|
Comparisons on the third anniversary since recession started As shown in the charts below, this business cycle is the only one since the 1930s to still be suffering a job loss after three years. The private sector has lost 2.5% of its jobs (2,792,000), U.S. manufacturing has lost 15.9% of its jobs (2,704,000), and even when incorporating the 3.1% gain in government jobs (657,000), the labor market on the whole has still lost 1.5% (2,135,000) of all jobs. In the prior three business cycles, instead of still being in the hole, the economy had actually generated 2.7% more jobs after three years. Not surprisingly, poor job creation has led to higher unemployment: a 1.4% rise from 4.2% in early 2001 to a 5.6% unemployment rate in early 2004 (first quarter). In and of itself, this 1.4% rise in unemployment over the last three years is as high as the increase in the first three years of the business cycles in the 1970s, 1980s, and 1990s.
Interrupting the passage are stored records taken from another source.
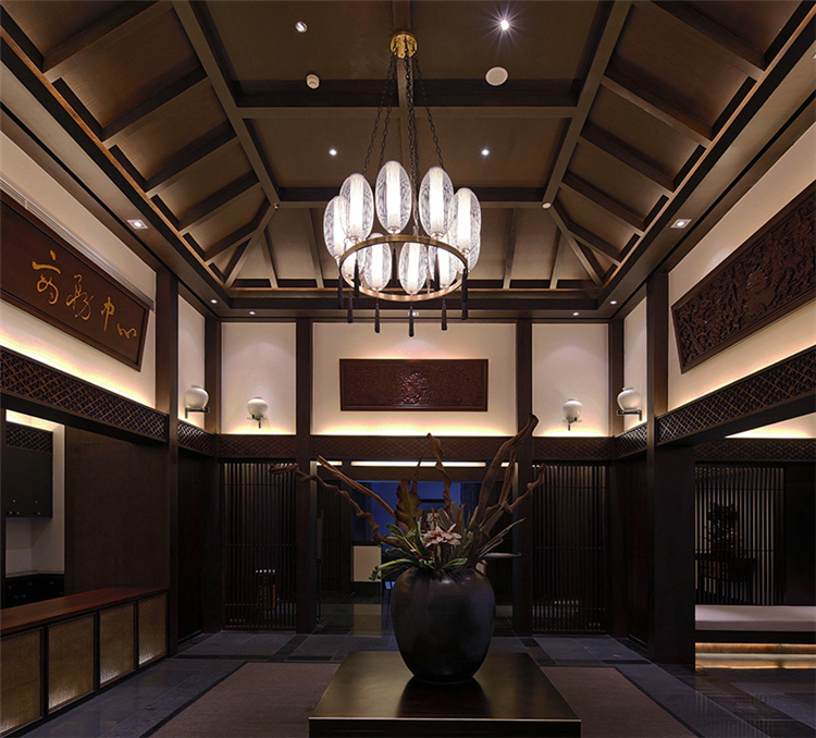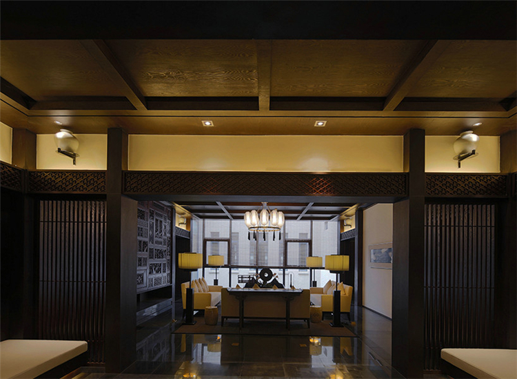 穿過悠長的走道,在灰白色空間配合溫暖沉著木色格子窗棱,讓客人逐步感受一種優雅的熱情。天花的黑色線條設計,帶有極強的導向性,墻面上特別設計的壁燈,與柱體結合,極大地豐富整個空間的層次感和趣味性。
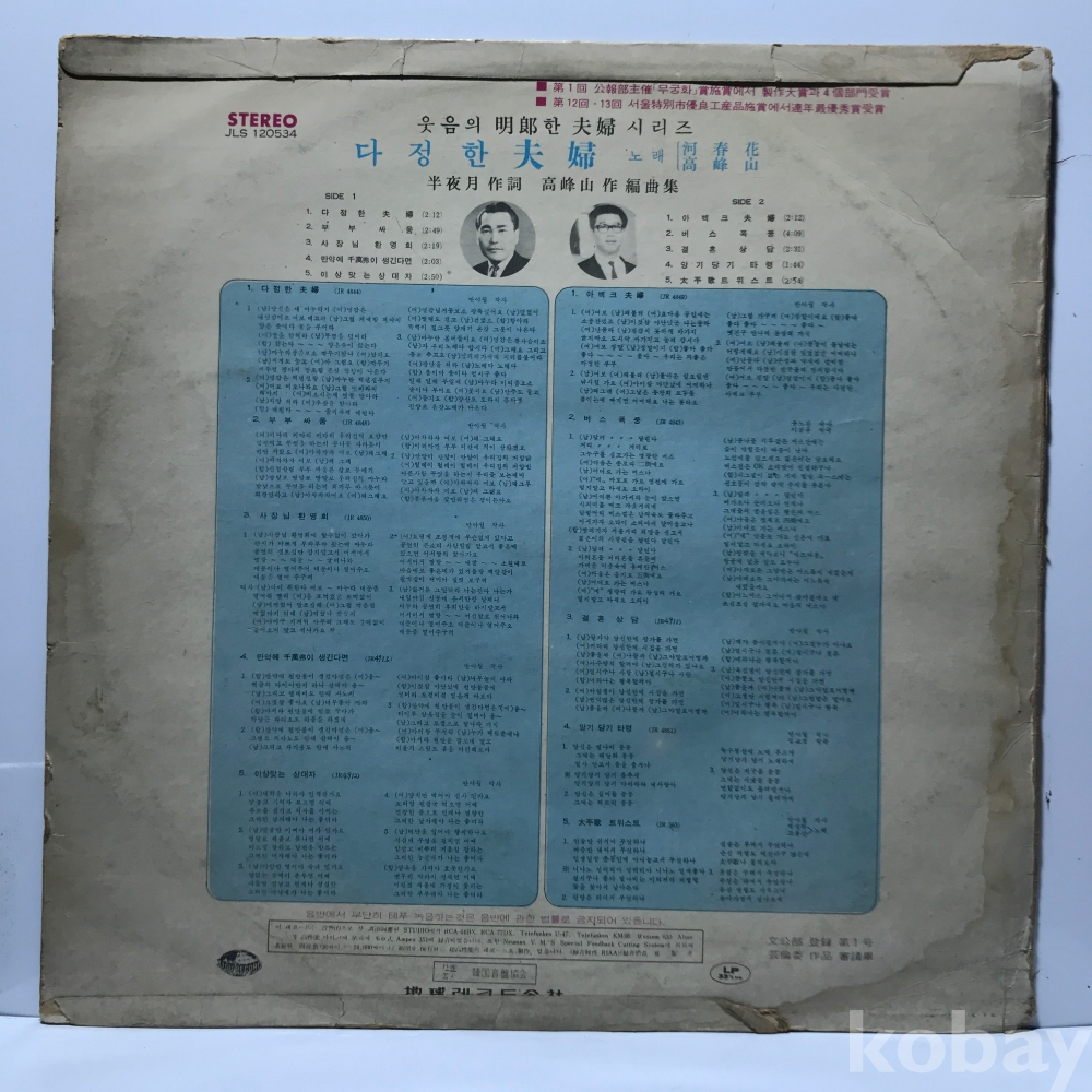 LP 20,200-43 하춘화 고봉산 - 다정한 부부/ 아벡크 부부 72 지구 자켓 VG+ 알판 EX
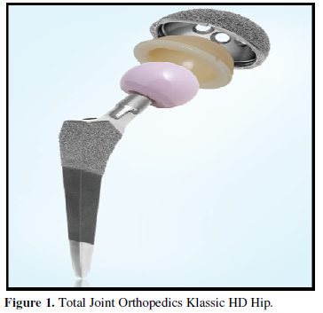 This study’s implant consisted of a double wedge Zweymuller-type stem made of a titanium alloy designed by Total Joint Orthopedic, Inc.’s. This Classic HD® stem (Figure 1) features a proximal porous Ti-Coat®, titanium ultra-porous coating (>60% porosity), for bony in-growth while the mid-stem is designed for bony on growth by finishing the stem with a grit-blasted titanium. The femoral prosthesis is non modular and collarless and comes in both 121- and 131- degree neck shaft angle constructs.
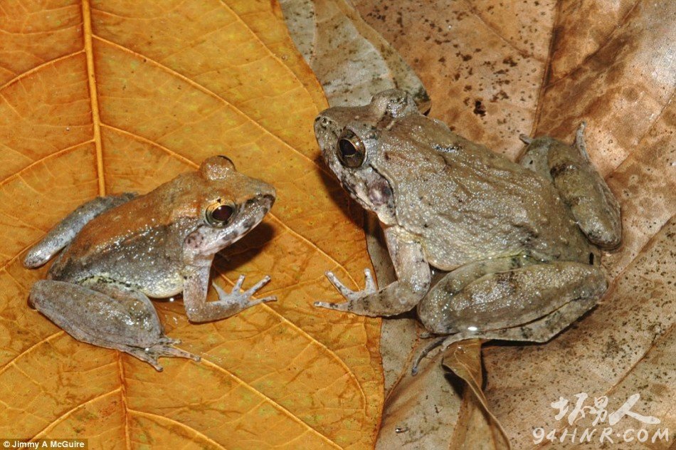 这是一只雄性的长尖牙青蛙,发现于印度尼西亚,旁边是一只刚出生不久的蝌蚪。长尖牙青蛙(Limnonectes larvaepartus)发现于印度尼西亚的苏拉威西岛。图中左边是雄性长尖牙青蛙,比右边的雌性小很多。与大部分两栖类物种不同,雌性长尖牙青蛙会直接产下蝌蚪,而不是产卵后再由雄性授精。
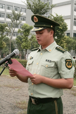 本次軍訓(xùn)得到了學(xué)院領(lǐng)導(dǎo)和部隊(duì)領(lǐng)導(dǎo)的高度重視,安徽新華電腦專修學(xué)院副院長廖光宙和安徽省武警總隊(duì)直屬支隊(duì)中尉曹昆在講話中都指出,軍訓(xùn)不僅是保衛(wèi)祖國的需要,也是建設(shè)祖國的需要!作為將來的建設(shè)者和接班人,必須擁有強(qiáng)健的身體素質(zhì)、團(tuán)結(jié)奉獻(xiàn)的思想素質(zhì)、抵抗困難和挫折的心理素質(zhì)、艱苦樸素的工作作風(fēng)、以及勇于拼搏不怕犧牲的革命精神。希望同學(xué)們能夠全身心地投入到軍訓(xùn)過程中,深刻理解軍人的光榮使命,展現(xiàn)出新華學(xué)子積極進(jìn)取、奮發(fā)向上的精神面貌。
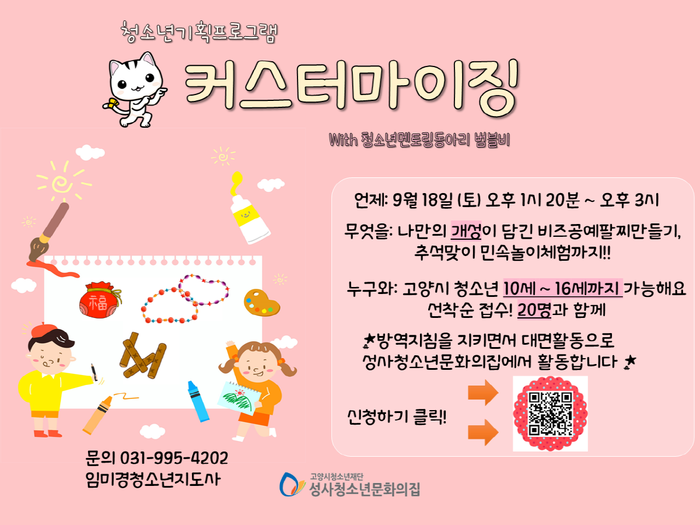 18일에 진행되는 이번 활동은 지역사회 청소년(10세~16세) 20명을 대상으로 ‘커스터마이징’이라는 테마를 가지고 코로나19 장기화로 위축되고 있는 추석 명절의 의미를 되새기고자 윷놀이, 전통 공기놀이를 조별로 체험하고, 자신만의 개성을 나타낼 수 있는 비즈공예 체험으로 진행된다.
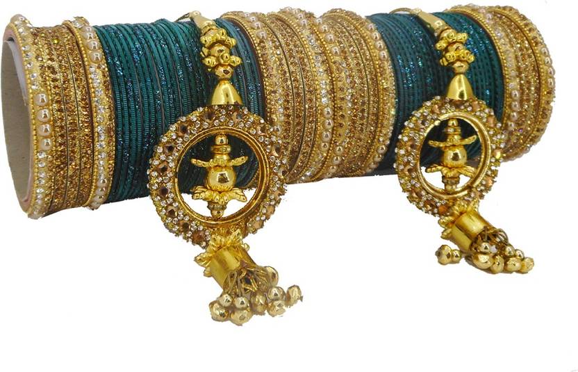 This RENOY Zircon Bridal bangle set made from high quality metal .You can use all of the things separately as your choice , Women love jewellery; specially zircon & stone jewellery adore a women. They wear it on different occasion. They have special importance on ring ceremony, wedding and festive time. They can also pair the bangle with their matching dresses,That Shine never get fade,Girls can also use these GLOSSY bangles separately which is in trend,This Bangle set has ROYAL Premium look which makes you different from others because This Royal Bangle set enhance the beauty of your hands..... Make your moment memorable with this range. This Royal jewel features a unique one of a kind traditional emblish with Stone and beautiful shiny zircon finish,and we definitely know that you love it .
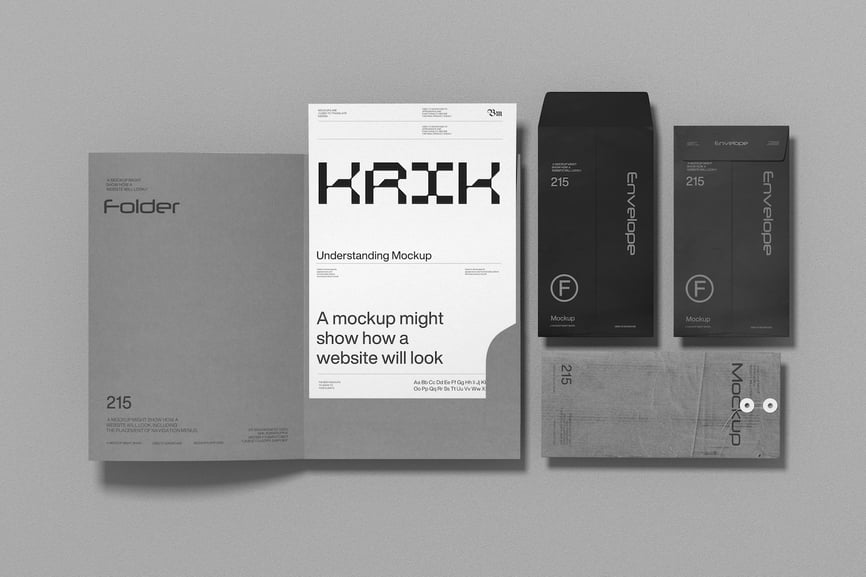 这套样机包含文件夹、信封和印刷纸张,适用于品牌和办公用品展示。它适合展示商业材料的布局结构和标识设计。

But when one accounts for the historically large drop in labor force participation over the last three years—that is, by incorporating the missing labor force (see charts below)—then the 3.1% rise in unemployment has been even larger in this downturn than in prior downturns (up 0.7%).
One of the most remarkable aspects of the current downturn is that total wage and salary income (inflation adjusted) has not risen at all in the last three years. Moreover, the total wages and salaries generated by the private sector have actually fallen by 1.7%. Meanwhile, domestic profits grew by 57.5%. In other recent downturns total wages and profits grew in tandem, with total wage and salary income up by 3.7% over a comparable three-year period and domestic profits up by 12.6%. Productivity has grown far faster, increasing 13.6% so far in this cycle versus a 6.2% increase in the same period of the last three business cycles. This greater productivity growth, however, has not translated into faster hourly wage growth, which was only slightly faster in this period compared to other cycles (2.2% compared to a 1.3% decline). Bush Administration's tax cuts falling short in job creation
Since the official end of the recession in November 2001, total jobs have shrunk by 323,000 (an 0.2% contraction) and private-sector jobs have dropped by 560,000 (or 0.5%).